Avec l'intensification des conflits au Moyen-Orient, les appels chez Ron Hubbard, entrepreneur spécialisé, ne cessent d'affluer. "Souhaitez-vous un abri anti-bombes ou un abri anti-tornades?", interroge-t-il ses clients.
"Nous avons constaté une forte demande depuis le début des hostilités, particulièrement dans les pays du Golfe", précise Ron Hubbard, 63 ans, à l'AFP. "Le timing de l'ouverture de nos bureaux à Dubaï, juste deux jours avant le début de la guerre, a été idéal pour saisir cette opportunité."
Au Texas, à Sulphur Springs, Atlas Survival Shelters, la société de Hubbard, reçoit des commandes venant du Qatar, du Pakistan et des Émirats. Un client à Dubaï souhaite un abri capable de protéger une famille durant cinq ans.
Alors que Donald Trump prétend que l'offensive sera éphémère, la crainte persiste, et bon nombre de personnes cherchent à sécuriser leur refuge.
"La demande atteint des niveaux jamais vus auparavant", insiste Hubbard, déterminé à répondre aux attentes croissantes du marché international.
Pour s'adapter à cette demande, Atlas accorde des licences à des entreprises locales afin d'optimiser la production et de réduire les coûts.
- "Armageddon ou pluie de missiles" -
La tendance ne se limite cependant pas aux régions de guerre. Un intérêt croissant pour ces infrastructures est également observé aux États-Unis.
Dans l'usine, une vingtaine d'abris, basés sur des designs de conteneurs en acier, attendent d'être expédiés. Hubbard anticipe un chiffre d'affaires dans les deux prochains mois qui surpasserait celui des trois dernières années.
Atlas a déjà réalisé des abris pour des personnalités comme Andrew Tate et Kim Kardashian, tout en travaillant également pour le patron de Meta, Mark Zuckerberg. Chacun de ces clients avait commandé leur refuge bien avant l'escalade actuelle des tensions.
Un abri basique, conçu pour un petit groupe survivre une semaine sous terre, coûte environ 25 000 dollars. En revanche, les modèles sophistiqués, destinés à une utilisation prolongée, peuvent atteindre plusieurs millions, selon les provisions et les installations systématiques que les propriétaires souhaitent intégrer.
"Cela dépend si vous vous préparez à l'Armageddon ou simplement à un tir de missiles", affirme Hubbard, dont les constructions sont adaptées à chaque scénario potentiel.
Les abris peuvent être construits en béton sur le terrain ou assemblés dans l'usine puis livrés aux clients.
- Chambre de désinfection -
"Un abri contre les radiations nécessite une profondeur d'un mètre. Ce n'est pas l'abri en soi qui vous protège, mais la terre qui le recouvre", précise-t-il, avant d'ajouter qu'il préfère souvent creuser encore plus pour une sécurité maximale.
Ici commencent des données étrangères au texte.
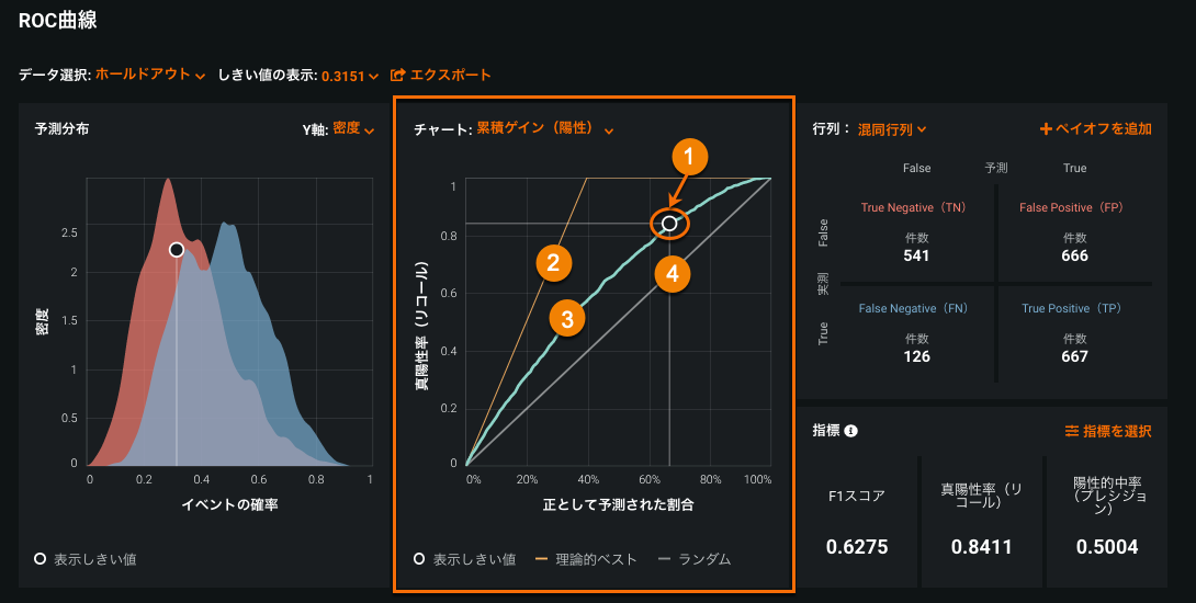 要素 説明 1 表示しきい値 ROC曲線タブの可視化ツールで管理する表示しきい値に相当します。 曲線にカーソルを合わせ、曲線上の新しいポイントに円を移動し、クリックして新しいしきい値を選択することで、新しい表示しきい値を選択できます。 2 最良曲線 理論的に最良のモデルを示します。 3 実測曲線 実測リフトまたはゲイン曲線を示します。 この例は、Positive累積リフト曲線を示しています。 4 最悪曲線 ランダムモデルを示します。
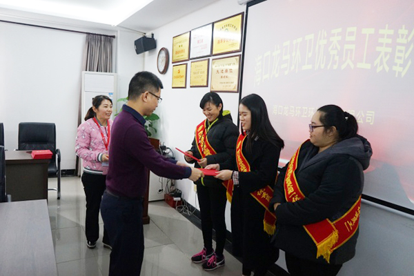 海口龙马环卫公司总经理罗福海,常务副总经理王灿锋,副总经理符气南、副总经理张鑫如及部门负责人出席了颁奖会议,人力资源部部长张初德主持会议,宣读了表彰人员名单。
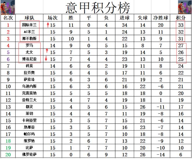 積分榜方面,AC米蘭和那不勒斯齊齊掉鏈子,一個打平一個輸球,國米把握住機會客場小勝,這樣的話國米就超過那不勒斯2分,超AC米蘭1分奪回榜首。爭4方面,尤文關(guān)鍵對話中擊敗博洛尼亞,超過后者升至第5,暫時只少第4的羅馬1分。
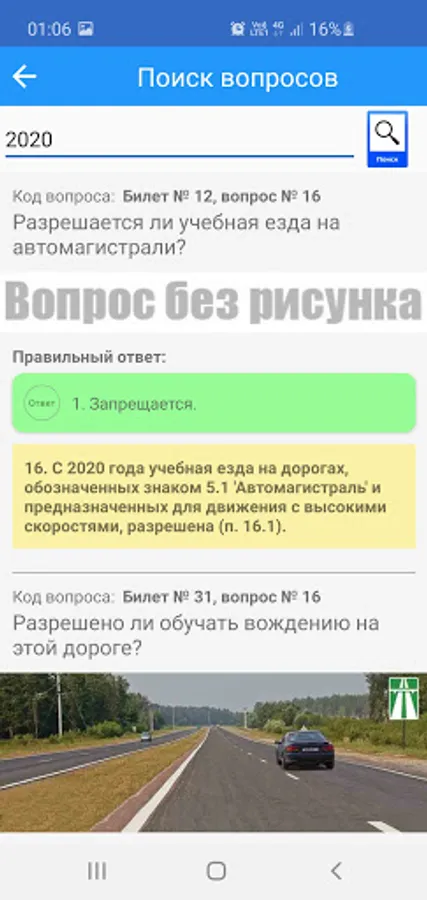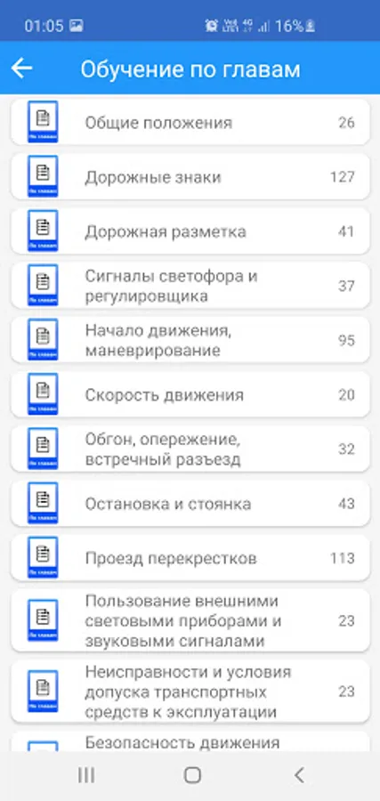 - 3 training modes. Questions are selected by chapters, by tickets and randomly
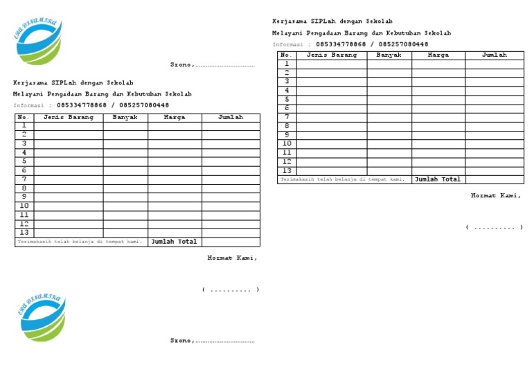7 Terimakasih telah belanja di tempat kami. Jumlah Total
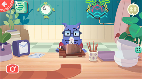 玩家进入厨房后,可自主挑选道具开展烹饪操作,完成烹饪后点击右上角的箭头即可。
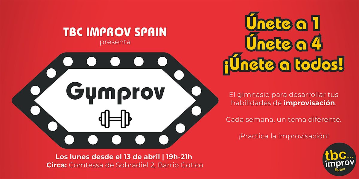 Gymprov es un entrenamiento semanal para tus habilidades de improvisación. Únete a Ignacio Grinstein de TBC Improv en una sesión diseñada para poner a prueba tus "músculos" creativos. Cada semana exploraremos un tema específico que podrás añadir a tu caja de herramientas de improvisación.

Ces infrastructures incluent des portes hermétiques et des chambres de désinfection pour nettoyer les personnes exposées à des contaminants.
L'intérieur est souvent équipé comme un appartement moderne, avec des installations telles qu'un salon, une cuisine, et même des salles de bain. Certains abris ont aussi des zones de stockage d'armes.
Chaque projet est pensé pour garantir une autonomie énergétique, filtration de l'eau, et connectivité. En cas de panne, un système de ventilation manuel permet de maintenir un air frais.
"Personne ne considère plus cela comme une folie ; tout le monde se sent concerné par la nécessité d'un abri anti-aérien face à l'incertitude qui nous entoure", conclut Ron Hubbard, soulignant l'évolution des mentalités face aux crises globales.